[Task item]
Retype each line exactly as it stands, beginning at the first line of the material and finishing with the line that contains "Ely joins the Clash at the Armadillo in 1979.".

§ §

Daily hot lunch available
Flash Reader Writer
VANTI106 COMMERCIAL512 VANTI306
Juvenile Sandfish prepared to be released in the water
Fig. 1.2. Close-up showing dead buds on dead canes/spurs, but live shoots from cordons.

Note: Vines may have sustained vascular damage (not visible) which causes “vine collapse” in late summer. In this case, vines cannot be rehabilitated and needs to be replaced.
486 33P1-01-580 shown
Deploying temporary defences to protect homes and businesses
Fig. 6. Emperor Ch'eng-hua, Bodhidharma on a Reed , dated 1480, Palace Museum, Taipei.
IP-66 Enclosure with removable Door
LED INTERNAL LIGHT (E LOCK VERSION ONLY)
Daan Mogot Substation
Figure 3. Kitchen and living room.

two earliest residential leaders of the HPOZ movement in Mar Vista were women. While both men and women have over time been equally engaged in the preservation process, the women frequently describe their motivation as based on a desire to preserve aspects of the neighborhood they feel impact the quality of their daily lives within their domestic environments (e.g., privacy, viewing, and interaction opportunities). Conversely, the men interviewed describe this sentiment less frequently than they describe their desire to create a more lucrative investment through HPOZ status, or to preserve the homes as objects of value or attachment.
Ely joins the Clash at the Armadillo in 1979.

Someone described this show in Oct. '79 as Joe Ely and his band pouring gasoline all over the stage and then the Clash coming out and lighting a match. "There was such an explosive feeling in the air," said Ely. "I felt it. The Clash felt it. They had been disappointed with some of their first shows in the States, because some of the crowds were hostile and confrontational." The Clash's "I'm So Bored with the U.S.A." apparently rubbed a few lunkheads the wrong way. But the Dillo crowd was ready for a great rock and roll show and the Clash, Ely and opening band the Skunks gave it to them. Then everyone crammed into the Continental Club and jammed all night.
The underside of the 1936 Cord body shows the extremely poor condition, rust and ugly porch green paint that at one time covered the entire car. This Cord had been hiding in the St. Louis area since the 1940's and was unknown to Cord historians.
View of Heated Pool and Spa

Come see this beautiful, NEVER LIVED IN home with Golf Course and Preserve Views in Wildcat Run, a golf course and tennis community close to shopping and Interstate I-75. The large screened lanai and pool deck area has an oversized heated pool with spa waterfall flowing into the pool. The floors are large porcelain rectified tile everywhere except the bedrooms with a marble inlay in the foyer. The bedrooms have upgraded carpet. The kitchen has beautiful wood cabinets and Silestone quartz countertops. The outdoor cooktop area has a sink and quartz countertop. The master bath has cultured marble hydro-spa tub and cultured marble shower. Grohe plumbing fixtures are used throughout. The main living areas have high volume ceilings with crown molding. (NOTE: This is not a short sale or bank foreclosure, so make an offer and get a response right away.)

§ §

[Reply]
Daily hot lunch available
Flash Reader Writer
VANTI106 COMMERCIAL512 VANTI306
Juvenile Sandfish prepared to be released in the water
Fig. 1.2. Close-up showing dead buds on dead canes/spurs, but live shoots from cordons.

Note: Vines may have sustained vascular damage (not visible) which causes “vine collapse” in late summer. In this case, vines cannot be rehabilitated and needs to be replaced.
486 33P1-01-580 shown
Deploying temporary defences to protect homes and businesses
Fig. 6. Emperor Ch'eng-hua, Bodhidharma on a Reed , dated 1480, Palace Museum, Taipei.
IP-66 Enclosure with removable Door
LED INTERNAL LIGHT (E LOCK VERSION ONLY)
Daan Mogot Substation
Figure 3. Kitchen and living room.

two earliest residential leaders of the HPOZ movement in Mar Vista were women. While both men and women have over time been equally engaged in the preservation process, the women frequently describe their motivation as based on a desire to preserve aspects of the neighborhood they feel impact the quality of their daily lives within their domestic environments (e.g., privacy, viewing, and interaction opportunities). Conversely, the men interviewed describe this sentiment less frequently than they describe their desire to create a more lucrative investment through HPOZ status, or to preserve the homes as objects of value or attachment.
Ely joins the Clash at the Armadillo in 1979.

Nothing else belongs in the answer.